__Work instructions__.
Give back only the lines in the records below from the one with "Die Schwerlastkombination bestand" to the one with "이동건은 1일 제주도에 오픈한 카페에서 일을 하고 있는 모습을 공개했다.", both inclusive, word for word.

Information given Block Start

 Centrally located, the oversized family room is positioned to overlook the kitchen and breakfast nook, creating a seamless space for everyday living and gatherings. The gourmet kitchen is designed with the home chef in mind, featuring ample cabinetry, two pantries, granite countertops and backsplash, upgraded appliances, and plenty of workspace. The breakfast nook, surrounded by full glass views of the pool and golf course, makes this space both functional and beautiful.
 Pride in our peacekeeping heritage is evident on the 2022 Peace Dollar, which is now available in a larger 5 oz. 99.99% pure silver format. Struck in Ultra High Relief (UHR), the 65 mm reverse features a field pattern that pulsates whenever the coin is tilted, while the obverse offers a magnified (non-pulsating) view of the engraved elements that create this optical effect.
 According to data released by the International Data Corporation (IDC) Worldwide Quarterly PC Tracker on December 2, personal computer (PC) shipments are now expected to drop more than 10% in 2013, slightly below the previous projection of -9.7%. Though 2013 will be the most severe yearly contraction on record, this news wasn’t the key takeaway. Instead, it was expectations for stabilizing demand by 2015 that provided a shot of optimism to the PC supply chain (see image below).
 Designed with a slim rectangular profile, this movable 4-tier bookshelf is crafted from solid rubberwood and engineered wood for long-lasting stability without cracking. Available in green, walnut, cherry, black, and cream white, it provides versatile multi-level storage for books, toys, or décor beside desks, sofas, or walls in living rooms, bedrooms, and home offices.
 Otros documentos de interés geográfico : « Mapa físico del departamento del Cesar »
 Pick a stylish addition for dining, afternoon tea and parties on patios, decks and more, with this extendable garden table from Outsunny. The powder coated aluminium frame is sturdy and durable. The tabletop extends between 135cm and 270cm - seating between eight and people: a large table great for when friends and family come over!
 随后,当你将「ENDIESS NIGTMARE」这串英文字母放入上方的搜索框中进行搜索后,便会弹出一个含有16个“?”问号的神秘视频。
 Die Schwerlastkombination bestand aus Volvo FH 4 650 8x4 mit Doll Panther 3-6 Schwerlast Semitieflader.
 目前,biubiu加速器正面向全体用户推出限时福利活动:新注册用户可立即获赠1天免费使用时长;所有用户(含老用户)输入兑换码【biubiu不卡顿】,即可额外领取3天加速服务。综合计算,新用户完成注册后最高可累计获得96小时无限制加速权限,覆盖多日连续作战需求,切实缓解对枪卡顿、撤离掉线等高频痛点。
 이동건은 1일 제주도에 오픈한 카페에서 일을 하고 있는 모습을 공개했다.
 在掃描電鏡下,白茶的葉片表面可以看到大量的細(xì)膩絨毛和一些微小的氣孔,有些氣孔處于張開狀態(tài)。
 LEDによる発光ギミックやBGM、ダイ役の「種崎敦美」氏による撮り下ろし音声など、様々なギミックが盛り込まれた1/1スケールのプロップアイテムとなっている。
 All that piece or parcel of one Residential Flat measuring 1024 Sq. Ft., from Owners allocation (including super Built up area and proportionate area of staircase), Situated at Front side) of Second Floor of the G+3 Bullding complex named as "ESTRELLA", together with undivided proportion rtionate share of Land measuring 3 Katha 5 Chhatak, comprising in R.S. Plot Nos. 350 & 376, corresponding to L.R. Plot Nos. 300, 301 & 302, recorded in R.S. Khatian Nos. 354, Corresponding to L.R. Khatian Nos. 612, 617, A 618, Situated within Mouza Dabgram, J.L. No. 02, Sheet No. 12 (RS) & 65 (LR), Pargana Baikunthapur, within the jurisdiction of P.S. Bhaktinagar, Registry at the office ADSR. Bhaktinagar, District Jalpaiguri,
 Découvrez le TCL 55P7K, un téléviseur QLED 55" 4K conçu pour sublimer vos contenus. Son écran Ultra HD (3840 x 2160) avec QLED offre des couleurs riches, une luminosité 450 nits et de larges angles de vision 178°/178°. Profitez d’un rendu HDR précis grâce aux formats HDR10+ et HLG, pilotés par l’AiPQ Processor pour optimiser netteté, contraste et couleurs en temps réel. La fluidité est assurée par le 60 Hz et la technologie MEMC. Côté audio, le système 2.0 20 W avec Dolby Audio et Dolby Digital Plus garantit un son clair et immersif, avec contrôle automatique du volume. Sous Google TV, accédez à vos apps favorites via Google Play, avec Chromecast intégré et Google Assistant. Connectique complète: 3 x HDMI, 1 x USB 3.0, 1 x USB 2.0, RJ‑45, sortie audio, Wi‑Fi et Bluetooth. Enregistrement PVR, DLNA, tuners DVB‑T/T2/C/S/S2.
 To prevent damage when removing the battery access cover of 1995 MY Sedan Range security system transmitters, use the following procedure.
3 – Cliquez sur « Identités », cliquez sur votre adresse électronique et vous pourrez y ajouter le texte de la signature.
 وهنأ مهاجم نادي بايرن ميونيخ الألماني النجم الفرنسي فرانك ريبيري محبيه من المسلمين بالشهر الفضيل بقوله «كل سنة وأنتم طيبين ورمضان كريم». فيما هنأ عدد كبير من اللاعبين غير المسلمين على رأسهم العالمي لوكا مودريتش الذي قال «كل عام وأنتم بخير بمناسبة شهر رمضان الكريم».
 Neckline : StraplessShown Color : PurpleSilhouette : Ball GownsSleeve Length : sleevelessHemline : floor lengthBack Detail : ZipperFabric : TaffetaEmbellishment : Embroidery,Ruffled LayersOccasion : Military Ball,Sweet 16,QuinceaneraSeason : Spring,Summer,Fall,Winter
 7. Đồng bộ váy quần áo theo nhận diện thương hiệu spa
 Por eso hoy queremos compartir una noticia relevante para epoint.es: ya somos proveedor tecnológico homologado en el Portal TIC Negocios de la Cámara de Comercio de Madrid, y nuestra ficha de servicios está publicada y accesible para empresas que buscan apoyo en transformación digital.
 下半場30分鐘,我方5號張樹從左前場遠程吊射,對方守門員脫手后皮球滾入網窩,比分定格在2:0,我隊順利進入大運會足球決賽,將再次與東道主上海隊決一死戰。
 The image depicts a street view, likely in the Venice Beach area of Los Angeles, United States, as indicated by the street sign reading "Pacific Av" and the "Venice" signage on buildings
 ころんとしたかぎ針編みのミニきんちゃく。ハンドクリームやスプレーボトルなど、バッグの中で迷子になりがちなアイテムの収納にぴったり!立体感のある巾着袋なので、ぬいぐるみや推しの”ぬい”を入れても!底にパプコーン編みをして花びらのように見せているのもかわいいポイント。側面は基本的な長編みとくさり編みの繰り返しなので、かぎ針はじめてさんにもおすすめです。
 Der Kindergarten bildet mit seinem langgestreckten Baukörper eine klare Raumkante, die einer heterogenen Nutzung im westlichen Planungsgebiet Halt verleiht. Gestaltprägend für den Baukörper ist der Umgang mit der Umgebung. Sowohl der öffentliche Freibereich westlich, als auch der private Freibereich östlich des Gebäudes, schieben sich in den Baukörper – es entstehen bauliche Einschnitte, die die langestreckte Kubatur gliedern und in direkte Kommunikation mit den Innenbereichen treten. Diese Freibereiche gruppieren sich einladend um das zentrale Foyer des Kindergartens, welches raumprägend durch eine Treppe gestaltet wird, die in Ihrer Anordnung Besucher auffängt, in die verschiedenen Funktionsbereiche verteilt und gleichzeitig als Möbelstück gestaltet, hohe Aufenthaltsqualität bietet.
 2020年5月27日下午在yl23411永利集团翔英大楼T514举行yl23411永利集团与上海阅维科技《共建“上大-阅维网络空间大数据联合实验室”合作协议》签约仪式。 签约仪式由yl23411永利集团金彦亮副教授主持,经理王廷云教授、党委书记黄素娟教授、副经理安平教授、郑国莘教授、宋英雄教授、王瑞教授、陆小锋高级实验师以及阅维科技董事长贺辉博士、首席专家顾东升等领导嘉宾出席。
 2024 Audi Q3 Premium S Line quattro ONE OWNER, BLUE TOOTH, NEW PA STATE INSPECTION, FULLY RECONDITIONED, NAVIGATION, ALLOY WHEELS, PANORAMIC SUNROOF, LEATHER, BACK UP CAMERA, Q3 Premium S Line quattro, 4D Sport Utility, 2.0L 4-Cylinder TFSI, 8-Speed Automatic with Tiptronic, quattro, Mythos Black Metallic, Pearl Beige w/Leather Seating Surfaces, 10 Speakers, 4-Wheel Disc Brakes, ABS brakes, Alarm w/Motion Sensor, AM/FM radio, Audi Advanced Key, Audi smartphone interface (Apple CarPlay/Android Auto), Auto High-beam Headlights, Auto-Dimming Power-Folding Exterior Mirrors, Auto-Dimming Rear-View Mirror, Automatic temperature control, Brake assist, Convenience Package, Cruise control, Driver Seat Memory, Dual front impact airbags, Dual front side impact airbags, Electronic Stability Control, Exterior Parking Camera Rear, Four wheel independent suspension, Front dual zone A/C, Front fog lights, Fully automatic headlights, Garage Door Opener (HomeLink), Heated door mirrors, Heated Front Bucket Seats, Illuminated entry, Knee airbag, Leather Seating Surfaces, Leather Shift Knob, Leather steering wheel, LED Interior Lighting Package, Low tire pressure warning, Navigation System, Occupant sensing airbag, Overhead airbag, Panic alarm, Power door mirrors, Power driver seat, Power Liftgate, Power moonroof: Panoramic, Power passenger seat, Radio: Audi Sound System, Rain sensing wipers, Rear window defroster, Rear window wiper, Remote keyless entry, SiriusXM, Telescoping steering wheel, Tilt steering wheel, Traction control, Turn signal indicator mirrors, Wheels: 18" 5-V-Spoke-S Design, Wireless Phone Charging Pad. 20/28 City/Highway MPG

Information given Block End

__Answer to the exercise__.
 Die Schwerlastkombination bestand aus Volvo FH 4 650 8x4 mit Doll Panther 3-6 Schwerlast Semitieflader.
 目前,biubiu加速器正面向全体用户推出限时福利活动:新注册用户可立即获赠1天免费使用时长;所有用户(含老用户)输入兑换码【biubiu不卡顿】,即可额外领取3天加速服务。综合计算,新用户完成注册后最高可累计获得96小时无限制加速权限,覆盖多日连续作战需求,切实缓解对枪卡顿、撤离掉线等高频痛点。
 이동건은 1일 제주도에 오픈한 카페에서 일을 하고 있는 모습을 공개했다.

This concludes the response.